Reputation: 142
I have been reading quite a bit about encoding, and I'm still not sure I'm fully wrapping my head around it. I have a file encoded as ANSI with the word "Solluções" in it. I want to convert the file to UTF-8, but whenever I do it changes the characters.
Code:
with codecs.open(filename_in,'r')
as input_file,
codecs.open(filename_out,'w','utf-8') as output_file:
output_file.write(input_file.read())
Result: "Solluções"
I imagine this is a stupid problem, but I am at an impasse at the moment. I tried to call encode('utf-8') on the individual data in the file prior to writing it to no avail, so I'm guessing that's not correct either... I appreciate any help, thank you!
Upvotes: 1
Views: 161
Reputation: 1662
This SO answer to a similar question specifies the input type of the file like codecs.open(sourceFileName, "r", "your-source-encoding")

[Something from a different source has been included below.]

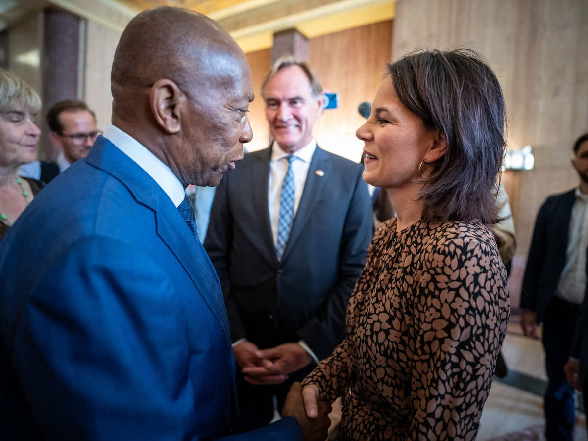 Annalena Baerbock im Gespräch mit Advario-Finanzvorstand Thomas Seifert. Die Bundesaußenministerin besuchte in Houston die Firma, die ein Ammoniakspeichersystem entwickelt hat. - Foto: Michael Kappeler/dpa Der texanische Gouverneur Greg Abbott (r) empfängt Bundesaußenministerin Annalena Baerbock in Austin. - Foto: Michael Kappeler/dpa Außenministerin Annalena Baerbock (Grüne) neben ihrer Sprecherin Kathrin Desiree Deschauer vor dem Kapitol von Austin. - Foto: Michael Kappeler/dpa Annalena Baerbock wird von Houstons Bürgermeister Sylvester Turner empfangen. Im Hintergrund: Leipzigs Oberbürgermeister Burkhard Jung. - Foto: Michael Kappeler/dpa
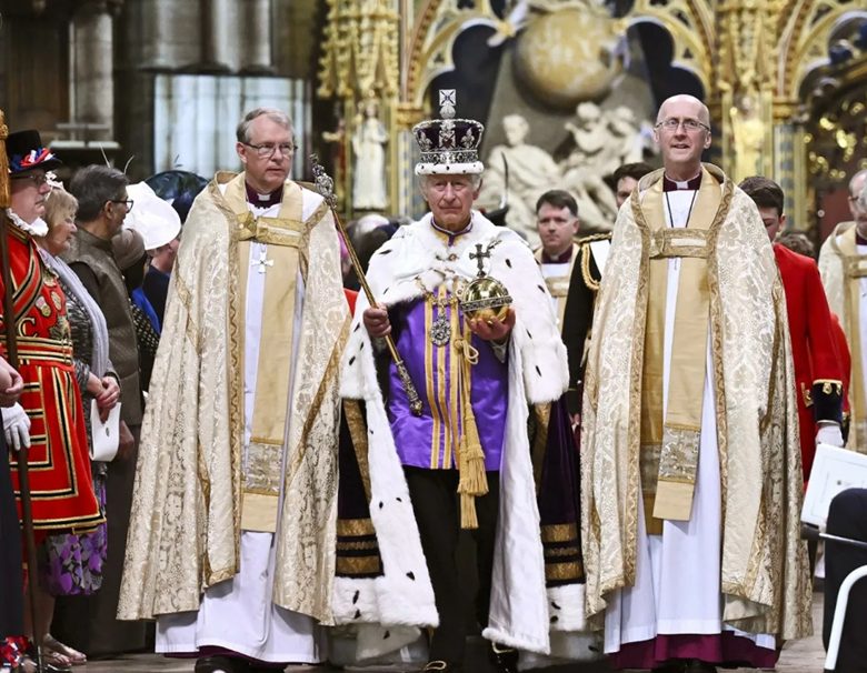 Most people watching King Charles III sprinkled with water from the River Jordan during his coronation had no idea what insane symbolism was occurring. In the mind of Charles and the broader oligarchy he represents, this ritual symbolizes Charles as the blood heir to the throne of Christ himself. The choice to carry a metallic globe and cross symbolizing his divine right to rule the entire globe as prima inter pares (first among equals)—a symbol of the Holy Roman Emperor—should also not be ignored (see image below).

. Without that, python may not interpret the characters correctly if it can't detect the original encoding.
Warning about the encodings: Most people talking about ANSI refer to one of the Windows codepages; you may really have a file in CP (codepage) 1252, which is almost, but not quite the same thing as ISO-8859-1 (Latin 1). If so, use cp-1252
instead of latin-1
as your-source-encoding
.
Upvotes: 1
Reputation: 113940
you can try
from codecs import encode,decode
with open(filename_out,"w") as output_file:
decoded_unicode = decode(input_file.read(),"cp-1252") #im guessing this is what you mean by "ANSI"
utf8_bytes = encode(decoded_unicode,"utf8")
output_file.write(utf8_bytes)
Upvotes: 1